This year promises to be an active one for traffic and billing systems in the cable network space, with vendors working to implement new systems at a number of major networks and gain new business through much improved software.
Much of this activity is being prompted by the desire to streamline operations and, consequently, costs, and at the same time boost ad revenue, says Scott Criley, CTO for the media business at Harris Broadcast, which has made a number of upgrades to its systems.
To tap into those imperatives, Harris has been adding several features to its traffic and billing systems, including tools to better monetize cross-platform content delivery, tighten integration with automation systems and generate live logs that allow programmers to better sell unused inventory closer to airtime.
“We are coming up to another election cycle and the ability to take political ads close to airtime is a very powerful revenue upside for networks,” Criley says.
The push to develop systems to pump up the bottom line at cable networks is also inspiring vendors to speed up the pace of innovation. “Our job is to help networks sweat more money out of their network and to open up opportunities for greater revenue,” says James Ackerman, executive chairman at Broadway Systems, which works with Fox News, TV One, BBC America and others.

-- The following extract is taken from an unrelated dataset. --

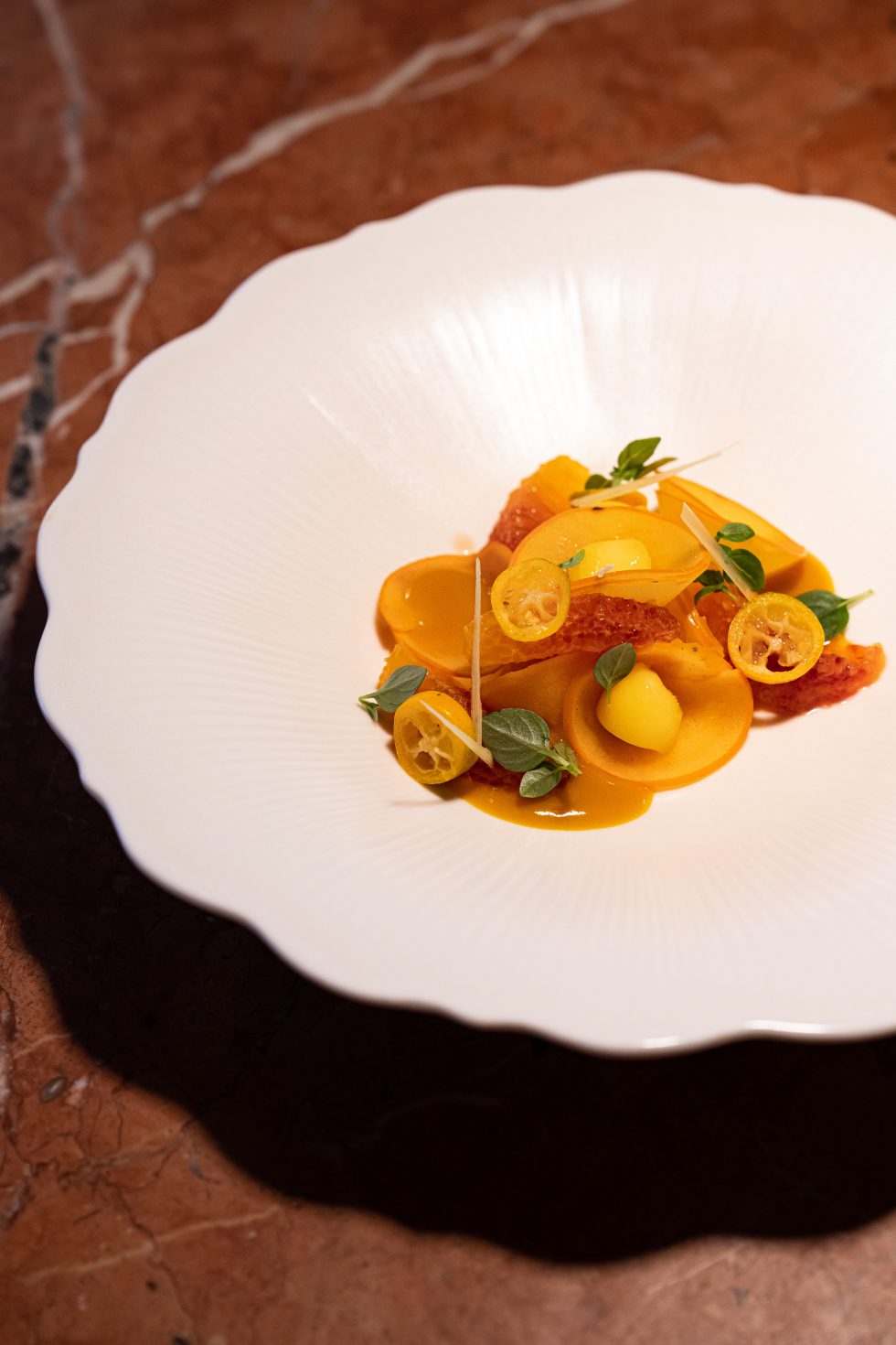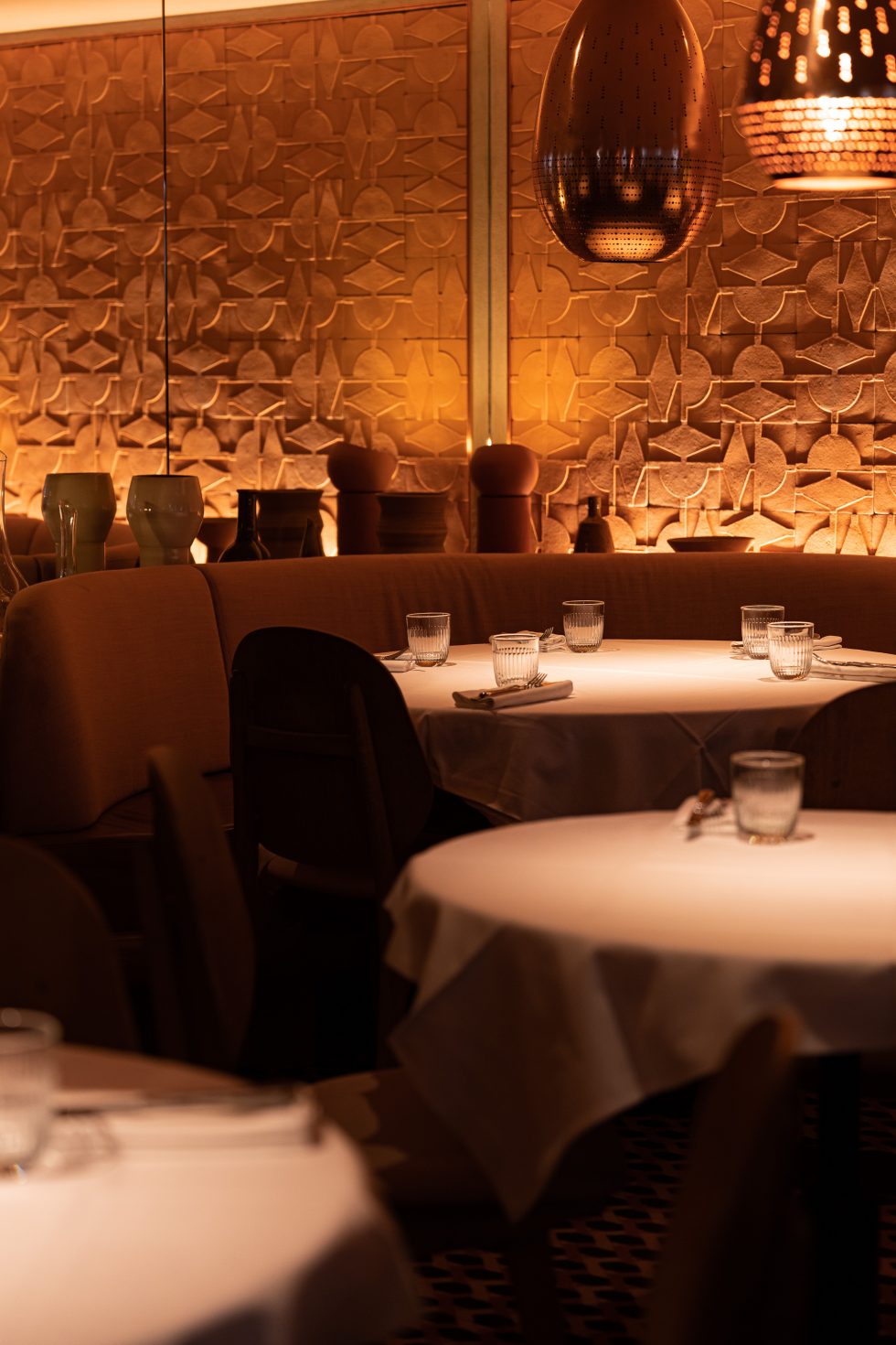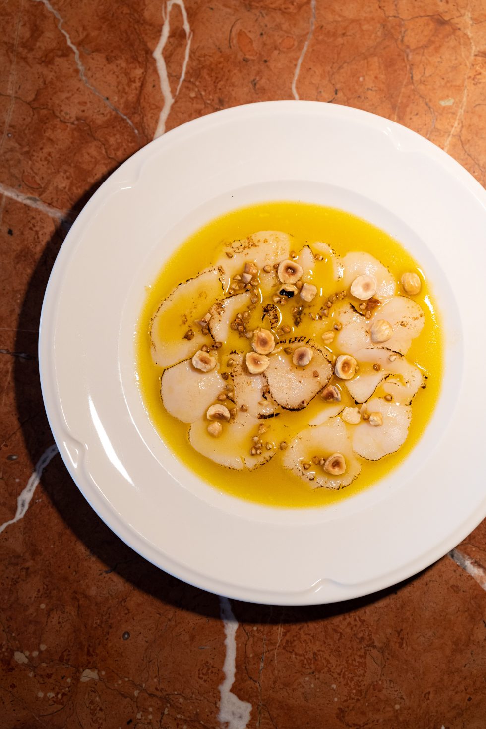 Guidato dal talento dello chef Denny Imbroisi, questo ristorante cattura tutto il fascino dell'isola d'Ischia, esaltato dalla visione del duo di architetti Studio KO. Tonalità solari, materie prime e texture terrose creano un arredamento dall'eleganza tipicamente italiana. L'ambiente è suddiviso in più spazi, ciascuno dominato da un maestoso bancone in marmo italiano, mentre un'ampia terrazza, immersa nel verde mediterraneo, offre un rifugio intimo e soleggiato.

Toward that end, the company has reorganized its operations to speed up product development and will be showing the new 7.0 version of its traffic and billing software at the 2014 NAB show in April in Las Vegas. “It is the fulfillment of three years of development work and includes some unbelievably cool things,” he says.
New tools and acquisitions have also produced a shift in the competitive landscape between vendors. Since acquiring VCI Solutions in 2010, WideOrbit has significantly expanded its market share of the cable network business.
“We’re not at the stage where we can announce client wins,” says Eric Mathewson, founder and CEO of WideOrbit. “But in terms of contracts that are already signed, we have gone from working with networks that have roughly 5% [of the cable network ad spend] to the point where we will have about 40% of the money by the end of 2015.”
SintecMedia has also made myriad acquisitions, including Argo Systems, StorerTV and most recently Pilat Media. Geoff Nagel, VP of go to market strategy for North America explains that Sintec Argo systems provided them with a solution for tracking affiliate fee revenue and that
the acquisitions have helped them improve the features of the upcoming release of On Air 4.0.
“We have really focused on efficiency, streamlining the process, revamping the UI [user interface] and allowing operators to personalize their screens,” Nagel says.
That has paid off with a deal to deploy their systems at the Fox entertainment networks, along with their ongoing work with NBCUniversal, where they have deployed their systems at five networks.
AUTOMATING THE AGENCIES
Just as broadcasters and cable networks are looking to streamline their traffic and billing operations, software vendors have been automating workflows at ad agencies. “We’ve been working to automate processes that in the past could have taken several days,” says Michelle Clayton, account director of professional services for Mediaocean, which has some 80,000 users at ad agencies around the world.
As part of that effort, Mediaocean launched its Optica system, which uses Comcast AdDelivery’s fiber infrastructure to deliver ads, in May 2013, then launched its Connect platform this past December.
Connect is designed to be an open platform that streamlines the buying process by allowing the various systems used by different agencies to better communicate with each other, Clayton says. “Every agency is going to use their preferred tech partners but Connect creates a hub” for working with those different companies and systems, she says.